- Erin Weir has unveiled an ambitious child care plan intended to make publicly-delivered daycare and early learning available to all parents. But perhaps the most noteworthy aspect of Weir's plan is that it may actually undersell the value of making child care available: while Weir costs out the proposal at a price of $180 million per year plus initial capital investments, there's reason to suspect that the return on allowing parents to participate more fully in the labour force might actually outweigh the initial price tag.
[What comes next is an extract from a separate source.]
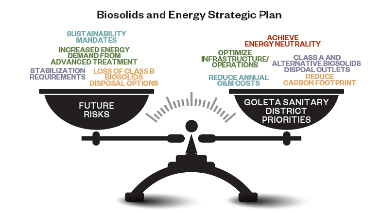 The Goleta Sanitary District (GSD) is committed to being good community stewards of public health, the environment, and public funds. This commitment includes a vision for diversifying the beneficial use of biosolids and pursuing energy self-sufficiency practices. The project aims to provide the roadmap for GSD, being a small utility (9 mgd capacity with 4 mgd AAF), to reach energy-sufficiency by reassessing their biosolids management practices in combination with various energy management approaches including maximizing digester gas generation and determining the most efficient digester gas utilization methods, along with assessing energy storage options, and other renewable energy sources.

- Meanwhile, Trent Wotherspoon's latest policy offering deals with poverty and a number of associated issues. But alongside his focus on the Canadian Index of Wellbeing, I'm particularly intrigued to see this in the midst of a grab bag of proposals:
Ensure that all provincial income security programs provide a socially acceptable level of funding and index future increases to the cost of living.Of course, there's reason to wonder whether current income security programs actually cover all of Saskatchewan's citizens who ultimately need assistance. But the argument behind the proposal would seem to lend itself to closer consideration of that question as well - and I'll be interested to see how Wotherspoon and the rest of the leadership candidates define a "socially acceptable level of funding" for citizens in need.
- Finally, Jason wonders whether NDP members might be inclined to support Ryan Meili as a matter of buyer's remorse. But I'd hope that the takeaway from 2009 has less to do with wanting a one-time do-over than with a desire to rather than the value of giving all candidates a fair hearing (rather than falling in line with establishment choices).